PROBLEM DESCRIPTION
In the listing below, print exactly the lines between the line holding "Italy Men's Used" and the line holding "Римская штора производителя", inclusive, and no more.

WORKING DATA
───

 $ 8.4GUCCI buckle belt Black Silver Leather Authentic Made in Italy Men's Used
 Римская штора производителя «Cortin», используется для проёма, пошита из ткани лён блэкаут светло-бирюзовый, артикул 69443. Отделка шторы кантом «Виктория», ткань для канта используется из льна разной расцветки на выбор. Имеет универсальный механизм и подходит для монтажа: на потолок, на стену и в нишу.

───

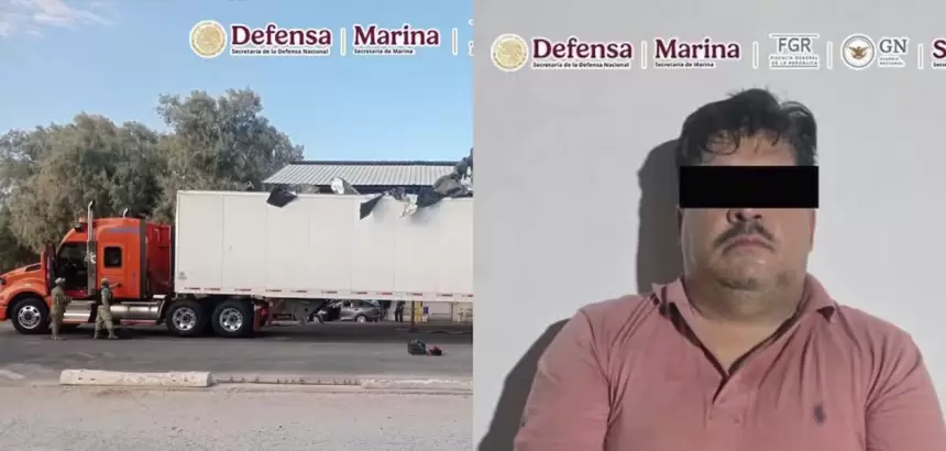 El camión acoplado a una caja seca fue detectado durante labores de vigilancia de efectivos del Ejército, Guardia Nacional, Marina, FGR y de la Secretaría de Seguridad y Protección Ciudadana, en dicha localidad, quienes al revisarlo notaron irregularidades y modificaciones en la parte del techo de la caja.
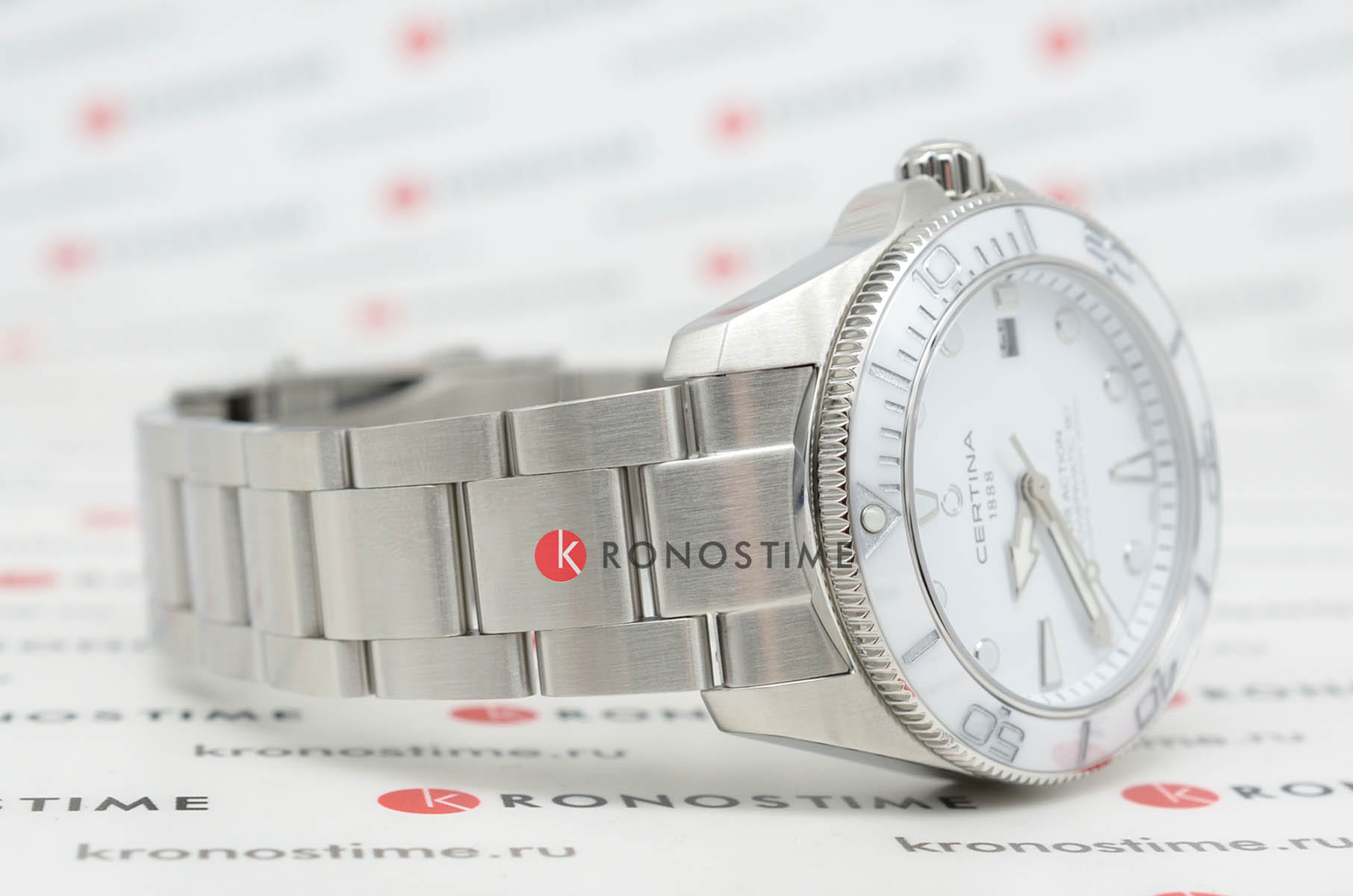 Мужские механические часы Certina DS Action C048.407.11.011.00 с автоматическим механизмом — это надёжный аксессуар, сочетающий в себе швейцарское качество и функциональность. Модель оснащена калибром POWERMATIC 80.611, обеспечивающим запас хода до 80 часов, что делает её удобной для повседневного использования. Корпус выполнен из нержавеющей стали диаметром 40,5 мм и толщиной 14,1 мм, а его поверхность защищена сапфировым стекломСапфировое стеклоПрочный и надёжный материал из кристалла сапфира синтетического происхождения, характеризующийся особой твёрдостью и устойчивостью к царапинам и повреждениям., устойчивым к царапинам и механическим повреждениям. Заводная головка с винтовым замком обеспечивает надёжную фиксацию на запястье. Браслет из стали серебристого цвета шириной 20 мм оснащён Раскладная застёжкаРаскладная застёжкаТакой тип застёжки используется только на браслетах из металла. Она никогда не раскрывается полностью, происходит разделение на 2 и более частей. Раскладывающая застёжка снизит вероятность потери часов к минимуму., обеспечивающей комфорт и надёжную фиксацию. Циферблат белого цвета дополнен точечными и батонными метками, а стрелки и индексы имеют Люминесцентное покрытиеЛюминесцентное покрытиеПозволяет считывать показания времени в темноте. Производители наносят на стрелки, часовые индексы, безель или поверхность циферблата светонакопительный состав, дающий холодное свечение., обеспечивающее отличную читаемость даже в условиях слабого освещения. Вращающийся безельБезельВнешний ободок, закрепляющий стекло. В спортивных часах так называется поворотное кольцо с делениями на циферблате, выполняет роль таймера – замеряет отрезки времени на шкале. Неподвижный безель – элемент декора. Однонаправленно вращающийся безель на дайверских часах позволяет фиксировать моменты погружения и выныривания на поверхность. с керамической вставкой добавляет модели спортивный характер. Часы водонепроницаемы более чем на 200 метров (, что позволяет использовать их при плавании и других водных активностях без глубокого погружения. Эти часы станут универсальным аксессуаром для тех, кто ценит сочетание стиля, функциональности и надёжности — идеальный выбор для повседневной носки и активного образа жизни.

───

WORKED SOLUTION
 $ 8.4GUCCI buckle belt Black Silver Leather Authentic Made in Italy Men's Used
 Римская штора производителя «Cortin», используется для проёма, пошита из ткани лён блэкаут светло-бирюзовый, артикул 69443. Отделка шторы кантом «Виктория», ткань для канта используется из льна разной расцветки на выбор. Имеет универсальный механизм и подходит для монтажа: на потолок, на стену и в нишу.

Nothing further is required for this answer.